The nf-rnaSeqCount pipeline was further benchmarked for time, memory and CPU usage against the popular Rsubread package (Liao et al., 2019). Benchmarking of the nf-rnaSeqCount pipeline against the Rsubread package was to determine the speed at which both tools complete different tasks, computational resource requirements, scalability on large datasets, ability to perform tasks in parallel as well as usability. The Rsubread package was chosen as it is a comprehensive tool and performs similar RNA-seq analysis workflow (read alignment and read counting) as our nf-rnaSeqCount pipeline. The RNA-seq data used for benchmarking was downloaded from the Gene Expression Omnibus (GEO) with an accession GSE111073[9]. The data consisted of 21 RNA-seq breast cancer samples from walnut-consuming patients (10 samples) and control group (11 samples) (Hardman et al., 2019a,2019b). Benchmarking of the two tools was carried out on the Wits Computing cluster, with 48 GB of memory and 12 CPUs allocated to each task in the analysis workflow, i.e., reference genome indexing, read alignment and read counting.
Figure 3 summarises the benchmarking results between nf-rnaSeqCount and the Rsubread package in terms of their time, memory and CPU usage when performing genome indexing, read alignment and read counting. The nf-rnaSeqCount pipeline was able to distribute tasks across multiple nodes on the Wits Computing cluster, i.e., run jobs in parallel, in addition to multi-threading, whereas the Rsubread applications were multi-threaded only on a single node.
When it comes to reference genome indexing, both the nf-rnaSeqCount (using STAR and Bowtie) and Rsubread (using index) performed equally in terms of time usage, with each tool completing the task in 66 and 71 minutes, respectively. The nf-rnaSeqCount utilised more resources for indexing (35 GB of memory and 825% of allocated CPUs) compared to Rsubread (16 GB and 99% of allocated CPUs). For the alignment of the RNA-seq reads to the reference genome, nf-rnaSeqCount (using STAR) outperformed Rsubread (using align), with the alignment tasks completed 31 and 215 minutes, respectively. nf-rnaSeqCount completed the alignment tasks using 30 GB of memory and 648% of the allocated CPUs, whilst Rsubread completed the alignment tasks using 18 GB of memory and 1088% of the allocated CPUs.

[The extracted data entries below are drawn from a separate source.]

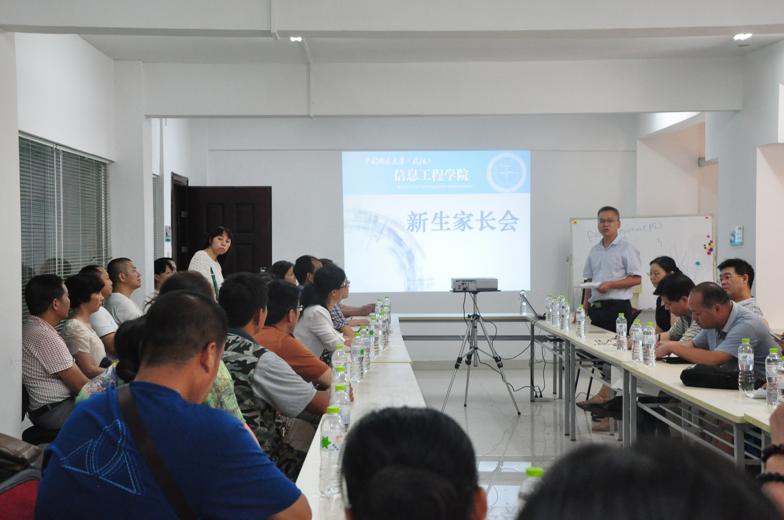 9月9日下午2点,信工公司在老员工支持中心3号学习室召开了2015级新生家长见面会。信工公司公司党委书记黄菊,副经理胡友健、刘修国,副书记许德华和部分教师参加了此次与家长的见面。
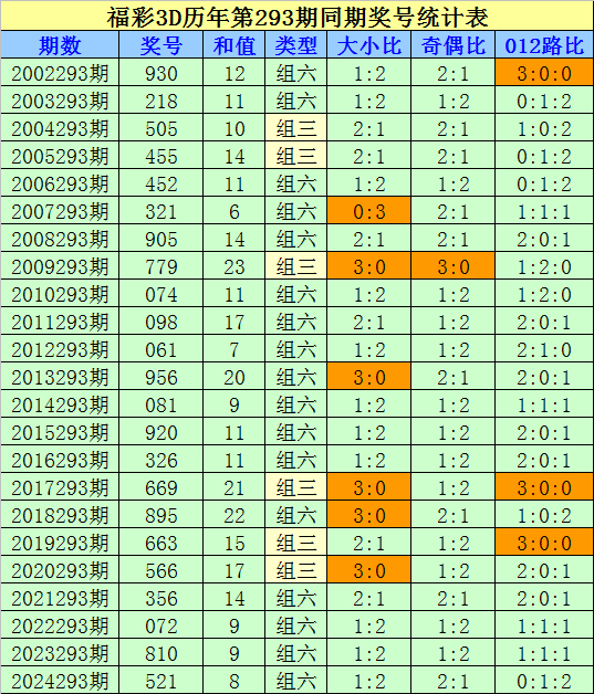 奇偶比推荐:在第293期历史同期开奖中,奇偶比0:3没有出现,奇偶比3:0开出1次,奇偶比2:1开出9次,奇偶比1:2开出13次,奇偶奖号总个数比34:35,奇偶号码出现比例基本平衡,今年同期看好奇数热出,防全奇组合。
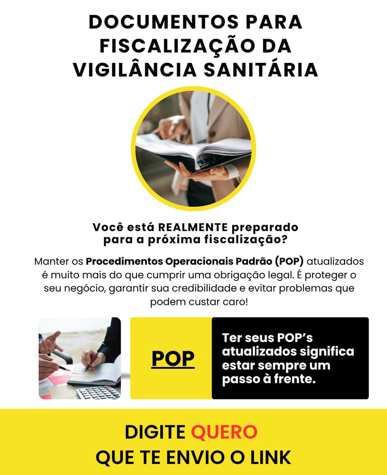 • Este material vai facilitar sua vida em relação a fiscalização sanitária. Aqui você encontrará os POPs necessários para o funcionamento do seu serviço dentro da conformidade. Tudo editável!!
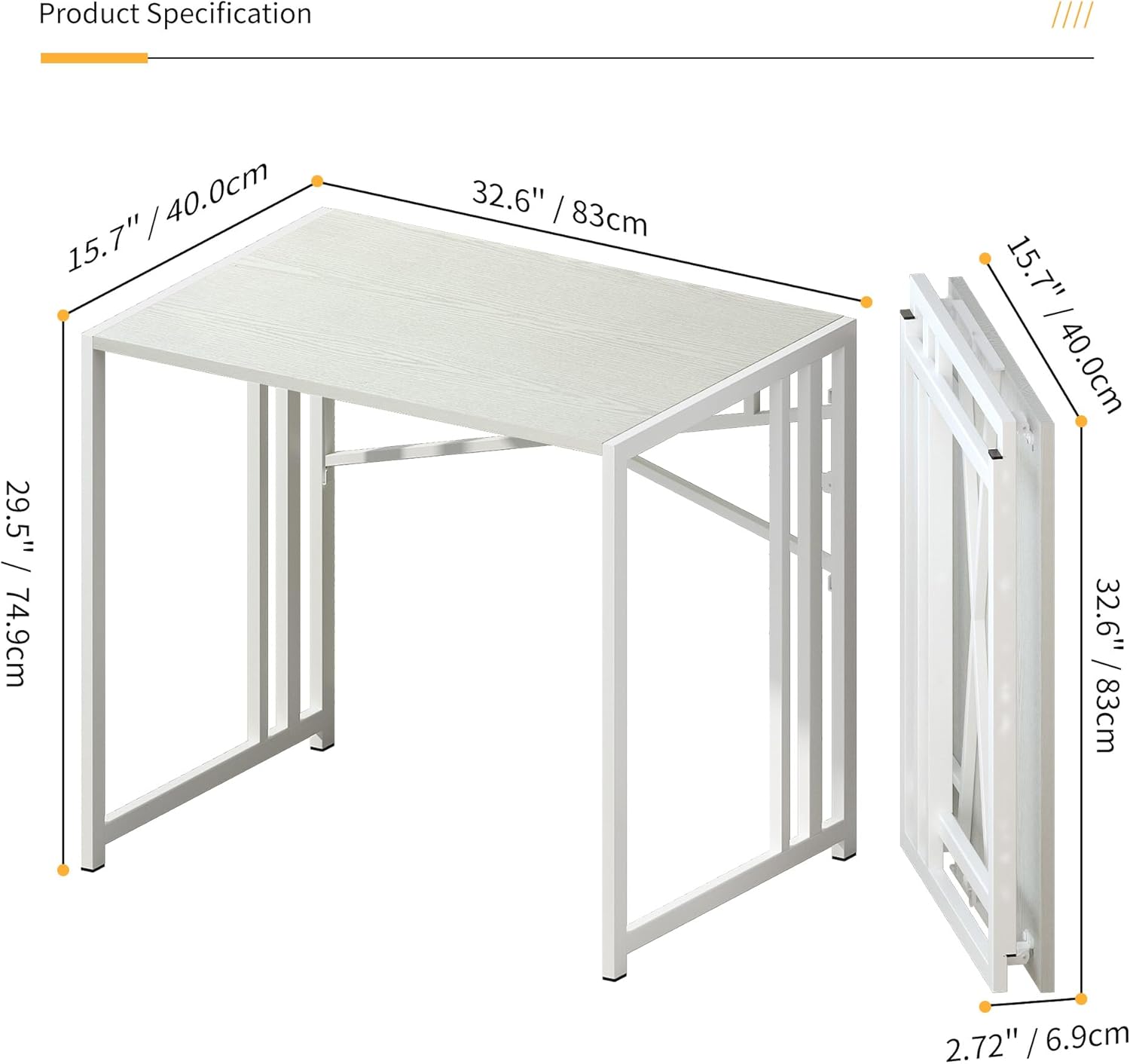 Small Folding Desk 32 inch, No Assembly Required Small Office Desk, Writing Gaming Computer Camping Desk, White
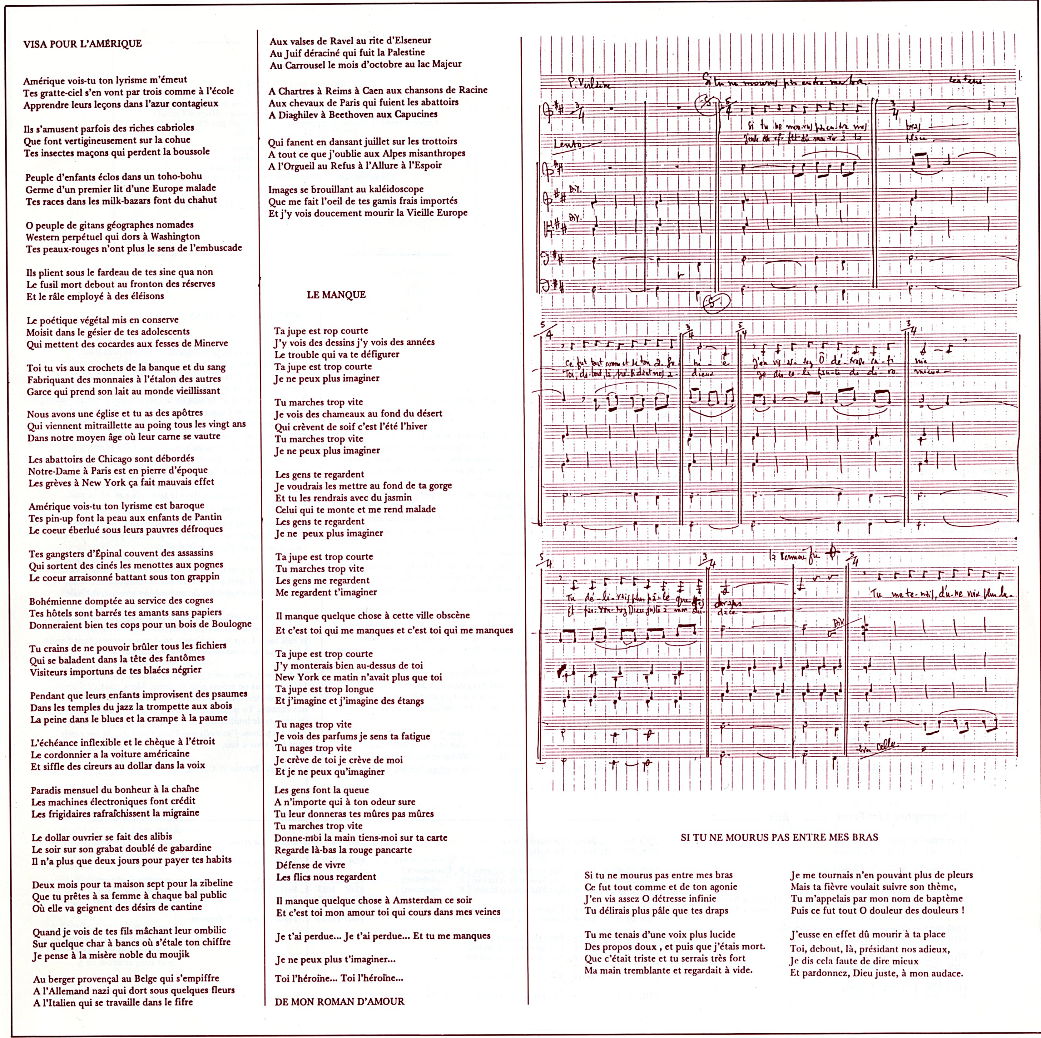 Ta parole - La vie moderne - T'as de beaux yeux tu sais ! - Madame la misère - Il n'y a plus rien - Avec le temps - (Unknown) - Le jazz band - T'es rock coco - Ton style - La porte - La Marseillaise - Marizbill - Le chien - La mort des amants - Les anarchistes - À une chanteuse morte - Thank You Satan - Les amoureux du Havre - (Une insolence de plus) - L'oppression - Préface - La nostalgie - Pauvre Rutebeuf

Finally, for the read counting, the nf-rnaSeqCount (using htseq-count and featureCounts) was outperformed by Rsubread (using featureCounts), with the read counting tasks completed in 235 and 6 minutes, respectively. nf-rnaSeqCount completed the read counting tasks using 3 GB of memory and 810% of the allocated CPUs, whilst Rsubread completed the alignment tasks using 3 GB of memory and 870% of the allocated CPUs. The huge difference with time usage seen between nf-rnaSeqCount and the Rsubread when it comes to read counting can mainly attributed to htseq-count. Unlike other tools in both workflows, htseq-count cannot be multi-threaded, thus drastically reducing performance and increasing amount of time it takes to complete the read counting tasks for the nf-rnaSeqCount workflow.